### [Task to complete]
Please return the full listing word for word, leaving out any pictures.

Data records Block Start

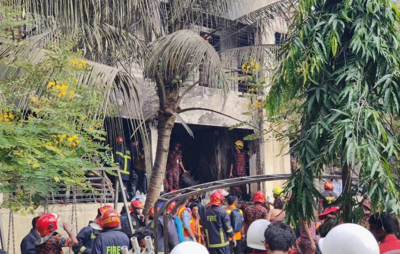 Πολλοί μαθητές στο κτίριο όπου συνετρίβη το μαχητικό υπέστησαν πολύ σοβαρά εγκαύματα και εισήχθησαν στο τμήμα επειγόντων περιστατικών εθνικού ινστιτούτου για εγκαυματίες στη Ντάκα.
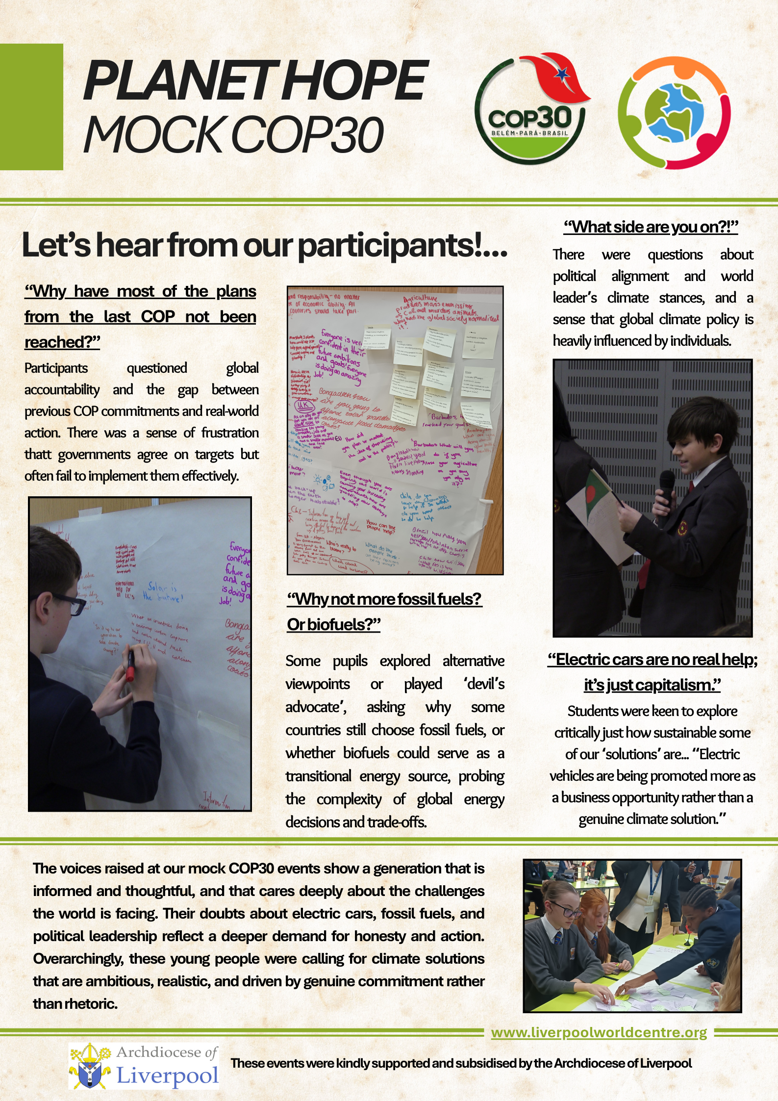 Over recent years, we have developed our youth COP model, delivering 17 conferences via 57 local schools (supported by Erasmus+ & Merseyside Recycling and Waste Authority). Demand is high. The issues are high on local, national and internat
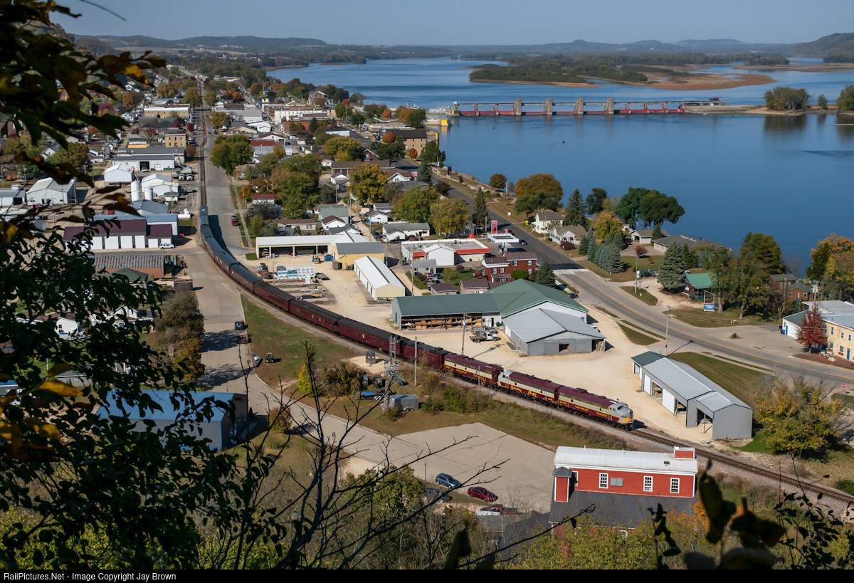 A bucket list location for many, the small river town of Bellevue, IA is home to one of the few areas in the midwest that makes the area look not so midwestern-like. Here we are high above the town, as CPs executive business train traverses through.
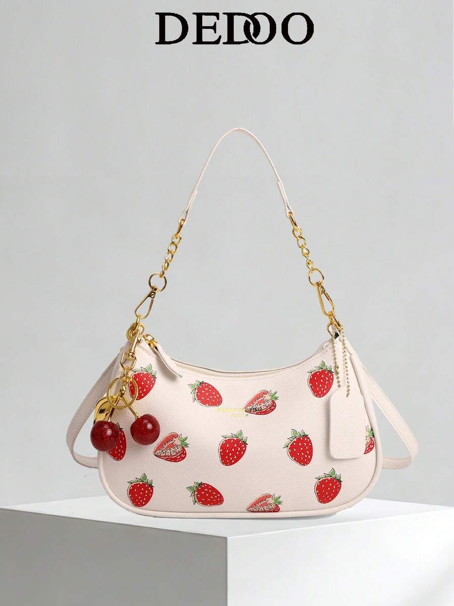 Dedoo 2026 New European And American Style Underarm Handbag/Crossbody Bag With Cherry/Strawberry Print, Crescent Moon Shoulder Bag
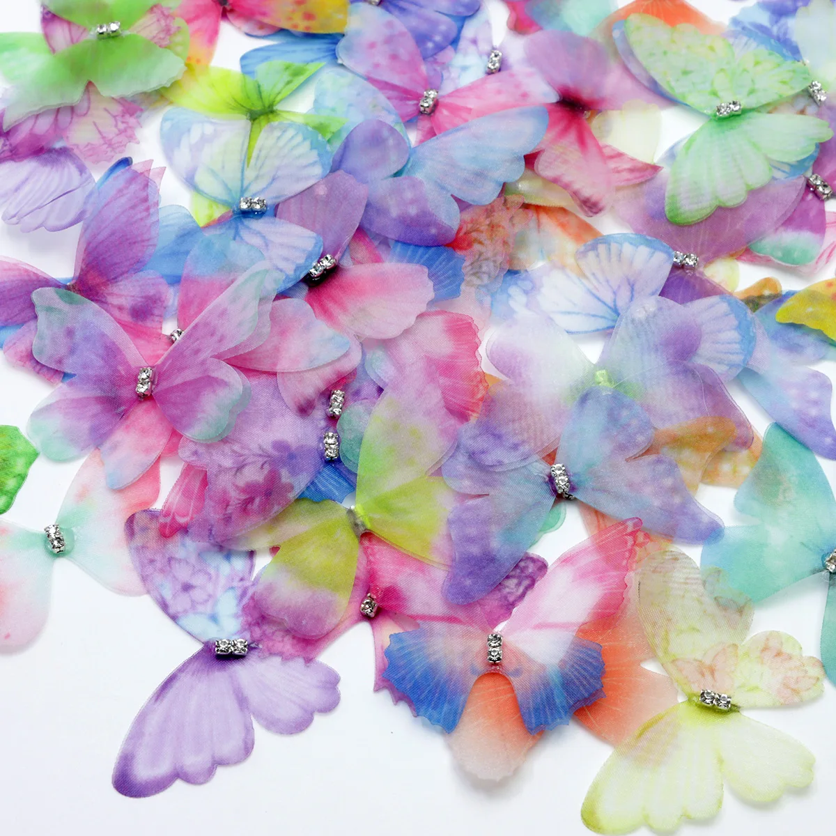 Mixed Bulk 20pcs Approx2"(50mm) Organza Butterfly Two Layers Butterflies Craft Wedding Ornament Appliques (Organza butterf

Data records Block End

### [Exercise solution]
 Πολλοί μαθητές στο κτίριο όπου συνετρίβη το μαχητικό υπέστησαν πολύ σοβαρά εγκαύματα και εισήχθησαν στο τμήμα επειγόντων περιστατικών εθνικού ινστιτούτου για εγκαυματίες στη Ντάκα.
 Over recent years, we have developed our youth COP model, delivering 17 conferences via 57 local schools (supported by Erasmus+ & Merseyside Recycling and Waste Authority). Demand is high. The issues are high on local, national and internat
 A bucket list location for many, the small river town of Bellevue, IA is home to one of the few areas in the midwest that makes the area look not so midwestern-like. Here we are high above the town, as CPs executive business train traverses through.
 Dedoo 2026 New European And American Style Underarm Handbag/Crossbody Bag With Cherry/Strawberry Print, Crescent Moon Shoulder Bag
 Mixed Bulk 20pcs Approx2"(50mm) Organza Butterfly Two Layers Butterflies Craft Wedding Ornament Appliques (Organza butterf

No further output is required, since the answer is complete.